プログラミング言語 | パッケージ形式 |
---|---|
Go[1] | バイナリー: バイナリーのビルドに使用された標準ライブラリーのバージョンが分析されます。バイナリーがモジュールサポート (go.mod) を使用してビルドされている場合、依存関係も分析されます。 |
Java | JAR、WAR、EAR、JPI、HPI |
JavaScript | package.json |
Python | egg、wheel |
Ruby | gem |
- Scanner V4 でのみサポートされます。
13.3.5. サポート対象のレイヤー圧縮形式
コンテナーイメージレイヤーは、圧縮または非圧縮の .tar
ファイルアーカイブです。StackRox Scanner と Scanner V4 は、次の表に示すさまざまな形式をサポートしています。

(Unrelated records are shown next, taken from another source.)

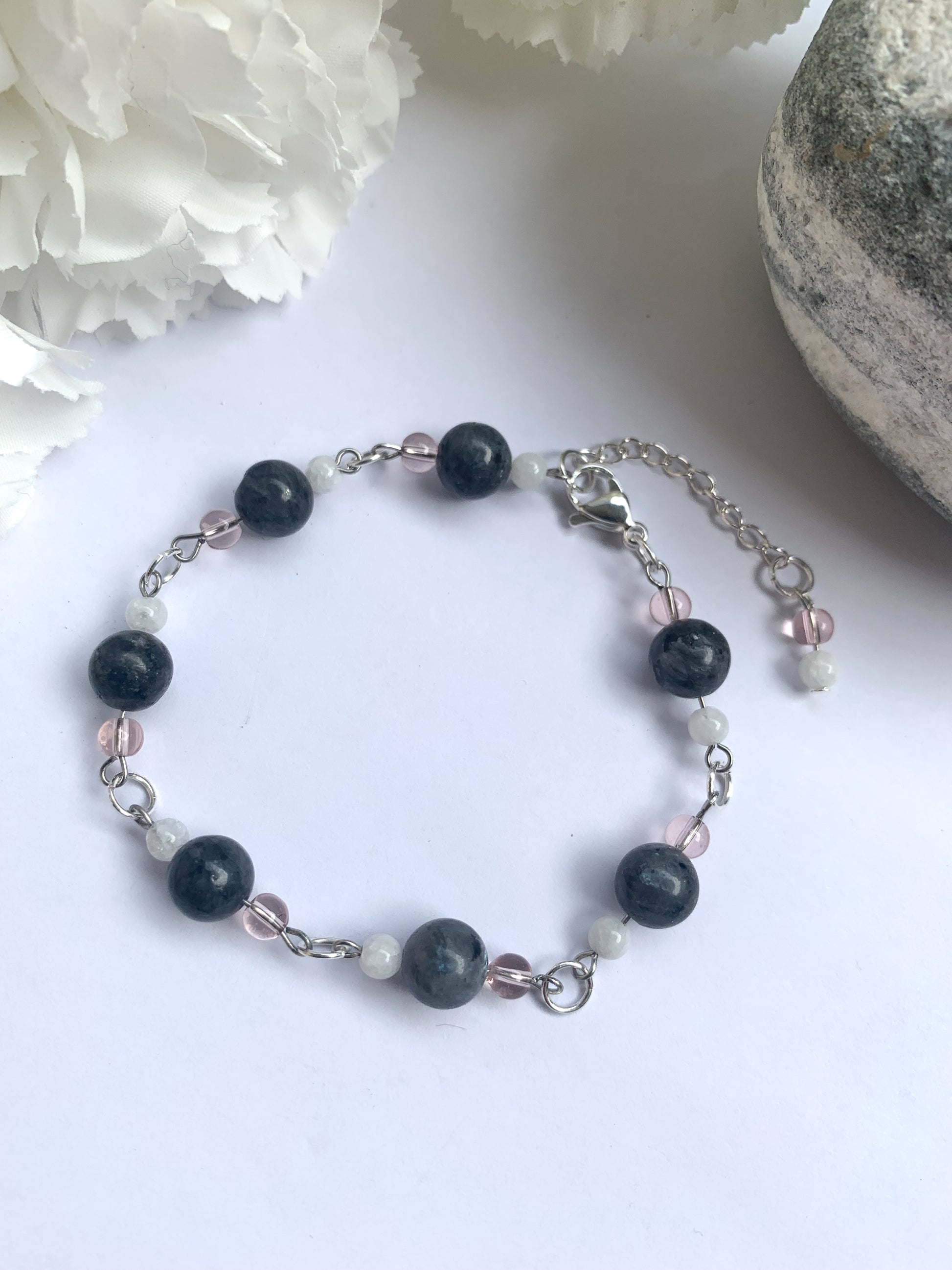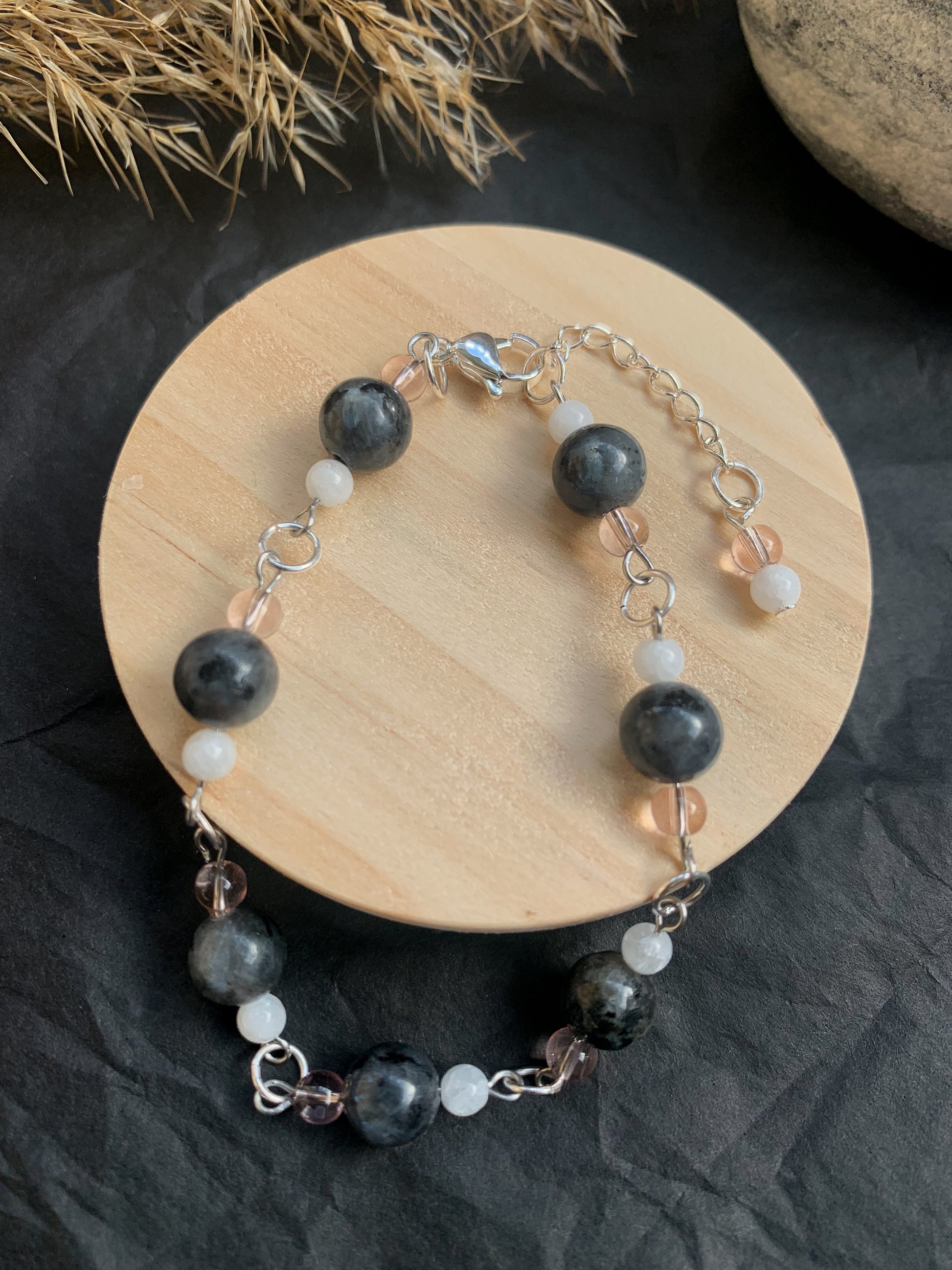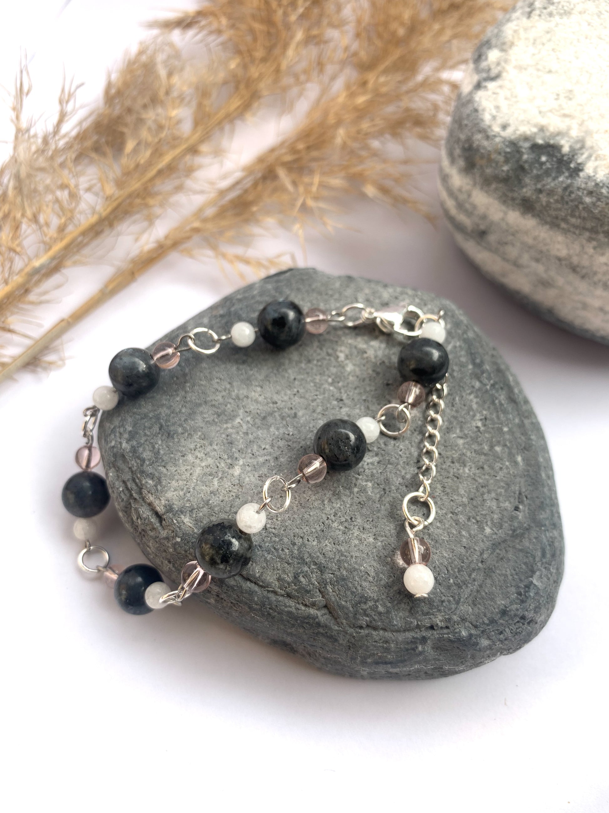 Korussa on käytetty aitoja luonnonjalokiviä; Larvikiittia, valkoista Jadea ja kristallia. Metalliosat ovat laadukasta ja allergisoimatonta kirurgin terästä ja/tai korumetallia.
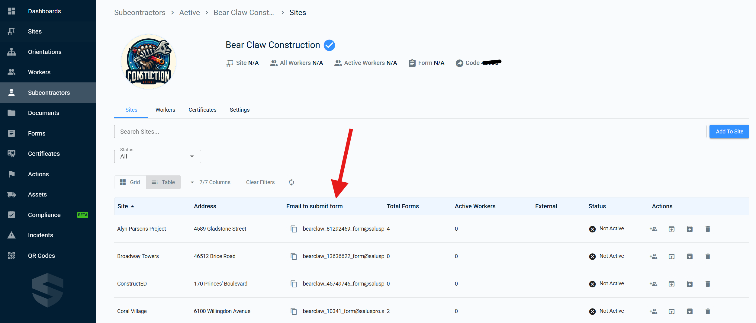 Send the email to your company’s assigned Salus email address for this site.
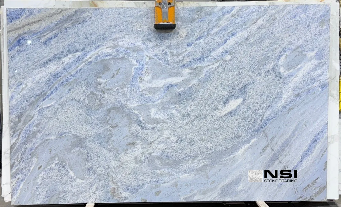 ICEBERG BLUE Quartzite is a stunning natural stone known for its durability and unique appearance. This quartzite features a blue background, subtly infused with intricate white veining and occasional grey tones, creating an elegant and modern aesthetic. It is an ideal choice for high-end applications due to its hardness and resistance to heat and scratches.
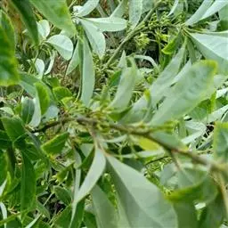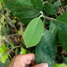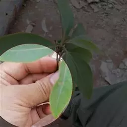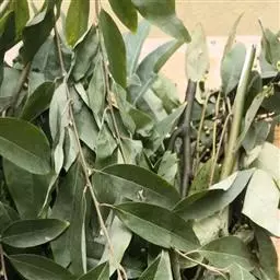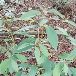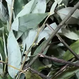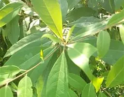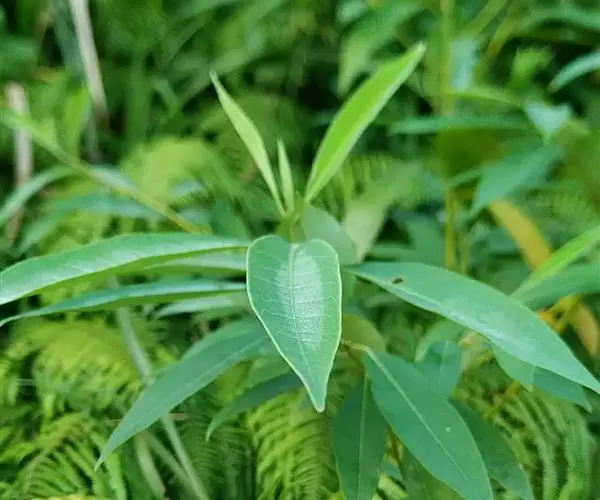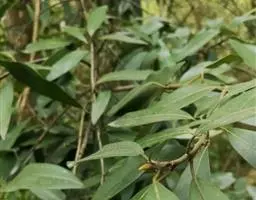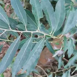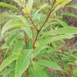 叶互生,纸质,有香气,披针形或长圆状披针形,长7-11厘米,宽1.4-2.4厘米,先端渐尖,基部楔形,全缘,上面深绿色,下面粉绿色,苍白色。两面均无毛,羽状脉,侧脉每边6-10条,纤细,中脉、侧脉在两面均突起;叶柄长6-20毫米,纤细,无毛。
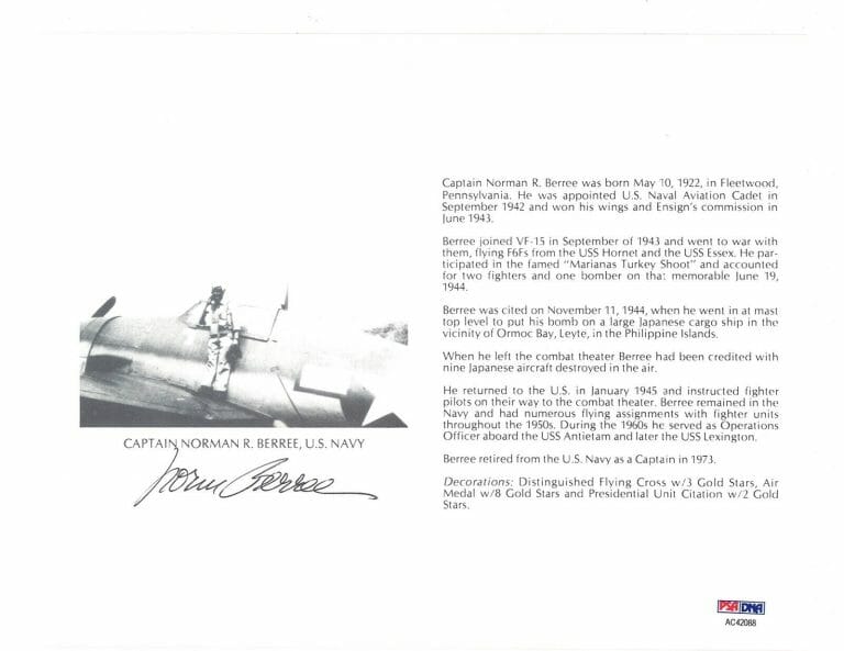 NORMAN BERREE SIGNED 8X10 (D) PSA DNA AC42088 WWII ACE 9 KILLS COLLECTIBLE MEMORABILIA
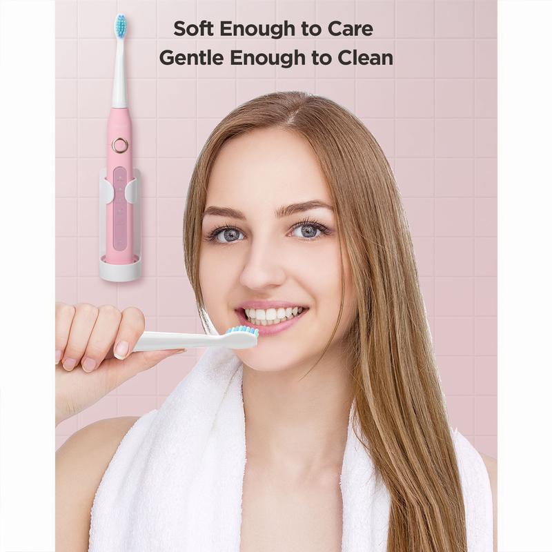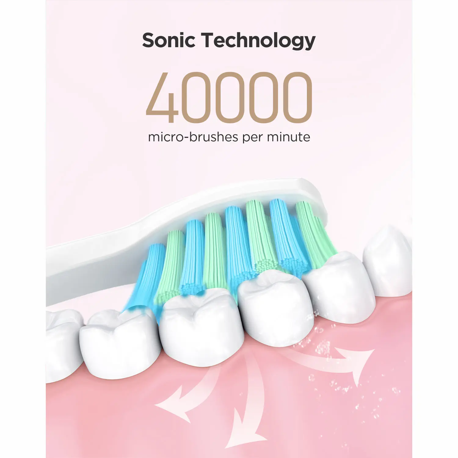 Our electric toothbrush has 40000 strokes/min. Powerful cleaning removes up to 99% more plaque within few days,enhance oral hygiene and achieve noticeably whiter teeth brighten your smile in just 14 days.

形式 | StackRox Scanner のサポート | Scanner V4 のサポート |
---|---|---|
非圧縮 | はい | はい |
bzip2 | はい | はい |
gzip | はい | はい |
xz | はい | なし |
zstd | なし | はい |
13.3.6. サポート対象のランタイムおよびフレームワーク
Red Hat Advanced Cluster Security for Kubernetes 3.0.50 (Scanner バージョン 2.5.0) 以降の StackRox Scanner は、次の開発者プラットフォームの脆弱性を特定します。
- .NET Core
- ASP.NET Core
これらは Scanner V4 ではサポートされていません。
13.3.7. ソースレジストリーからミラーレジストリーへのイメージプルのリダイレクト
Red Hat Advanced Cluster Security for Kubernetes (RHACS) は、次のいずれかの OpenShift Container Platform カスタムリソース (CR) を使用して設定したレジストリーミラーからのイメージのスキャンをサポートします。
-
ImageContentSourcePolicy
(ICSP) -
ImageDigestMirrorSet
(IDMS) -
ImageTagMirrorSet
(ITMS)
イメージレジストリーのリポジトリーミラーリングの設定方法の詳細は、「イメージレジストリーのリポジトリーミラーリングの設定」を参照してください。
委譲されたイメージスキャンを使用して、レジストリーミラーからイメージを自動的にスキャンできます。
委譲されたイメージスキャンの設定方法は、「セキュアなクラスターを使用したイメージのスキャン」を参照してください。